Ten patients followed up after discontinuation of therapy. The mean follow up period was 3.5 ± 2.4 months (0.5-9 months). Three patients had remission; 2 had partial remission (reduction in antihistamine requirement) one patient each belonging to placebo and methotrexate group and one patient in the methotrexate group had complete remission (off antihistamines, no recurrence of lesions/symptoms) at 6 months. Rest of the patients relapsed immediately after stoppage of therapy; full or hiked up dosage of H1 antihistaminics were required to control the symptoms.
No life-threatening therapy related adverse effects were noted. The placebo group did not report any side effects. One patient in the methotrexate group was withdrawn from the study due to severe nausea/vomiting uncontrolled with antiemetics (domperidone 20 mg) and improved after the drug was discontinued. She did not experience any laboratory derangements. Two patients in the methotrexate group showed a rise in transaminase levels; one showed a mild (1.5x) rise at 8 weeks which improved spontaneously despite continuation of therapy and did not recur, and another showed 3x rise at 12 weeks, i.e., at the end of therapy but other investigations were within normal limits (bilirubin, viral markers, ultrasound abdomen) and the levels returned to normal 7 days later.

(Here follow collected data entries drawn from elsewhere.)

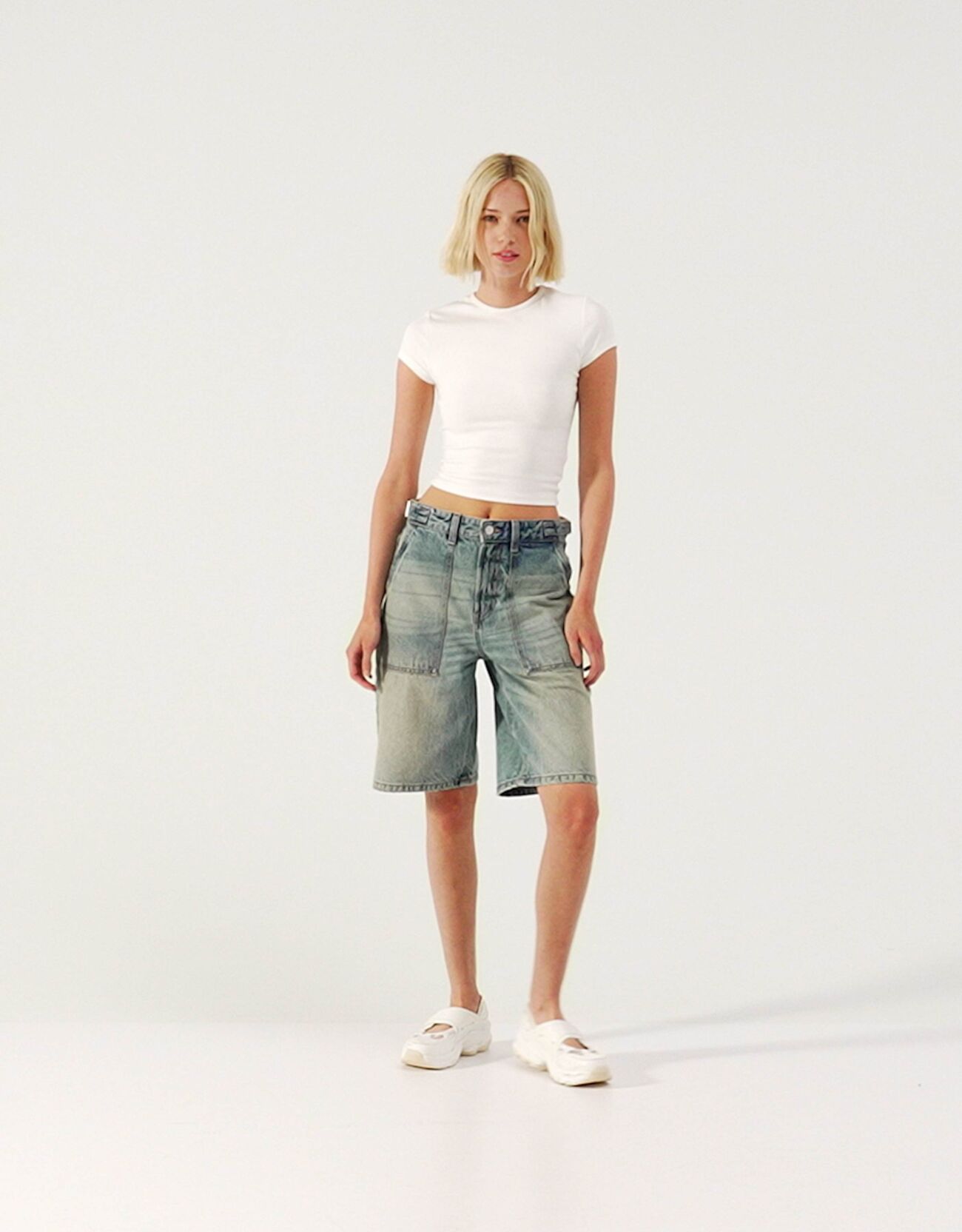 شورت برمودا دنيم بقصة بالون وساق عريضة
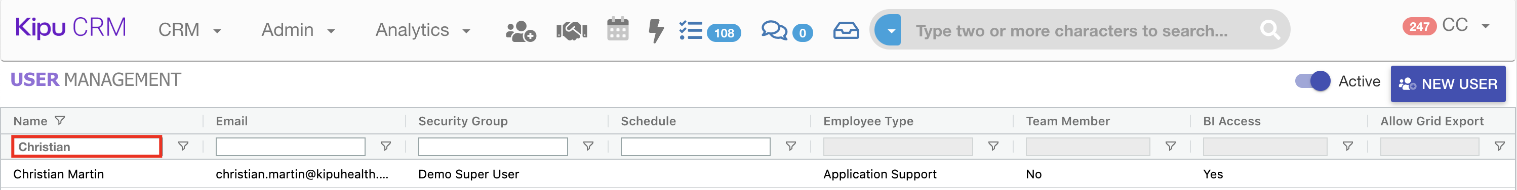 - Moving forward, the particular user will be available for selection throughout all Relationship Manager lists in the Kipu CRM.
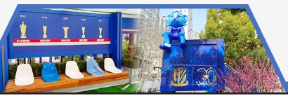2月26日下午,记者赶到位于‘八万人’附近的15路终点站,这个车站毗邻星游城。记者发现,15路终点站已经贴上了申花足球俱乐部30周年纪念涂装,车站候车厅和煤精亭上都使用了代表申花队的蓝色,候车厅里还有介绍申花队历年捧杯的记录,从1995年的甲A 联赛冠军开始一直到2023年的足协杯冠军。

Management of chronic urticaria is time consuming and frustrating and has high direct and indirect healthcare costs with socio-economic implications due to reduction in performance by almost 20-30%. , Resistant urticaria has been variously defined in literature as a steroid dependant rash poorly responsive to Multiple antihistamies and immunosuppressive agents.  Okubo et al., defined patients not responding to 10 mg cetirizine per day for 1 week as having resistant urticaria.  European Union consensus guidelines define resistant urticaria as one which is not controlled after updosing of non-sedating H1 antihistaminics to 4 times the usual dose, but they indicate that this recommendation is based on low quality evidence.  Hence, in the absence of a standard definition, we used our own definition of resistant urticaria. Several immunosuppressive and immunomodulatotory agents have been tried in the treatment of resistant urticarias, out of which cyclosporine is the most well studied. In a randomized controlled trial on 99 patients with chronic idiopathic urticaria, among three treatment arms treated for 16 weeks each (cyclosporine, cyclosporine with placebo and placebo), there was significant improvement in symptom scores in cyclosporine groups compared with placebo, starting at 8 weeks of therapy and this improvement was maintained even 8 weeks after stopping therapy. 
Similarly, a RCT evaluated single dose omalizumab in 90 patients of H1 antihistamine refractory chronic idiopathic urticaria. Only the 300 mg omalizumab group and the 600 mg omalizumab group showed greater improvement versus the placebo group in urticaria activity scores. Onset of effect with omalizumab occurred after 1 to 2 weeks. Omalizumab was well tolerated, and the incidence of adverse events was similar across treatment groups.  Similarly in a recent phase 3 RCT, omalizumab 150 mg and 300 mg once a month was found to improve chronic urticaria significantly better than placebo and was well tolerated. 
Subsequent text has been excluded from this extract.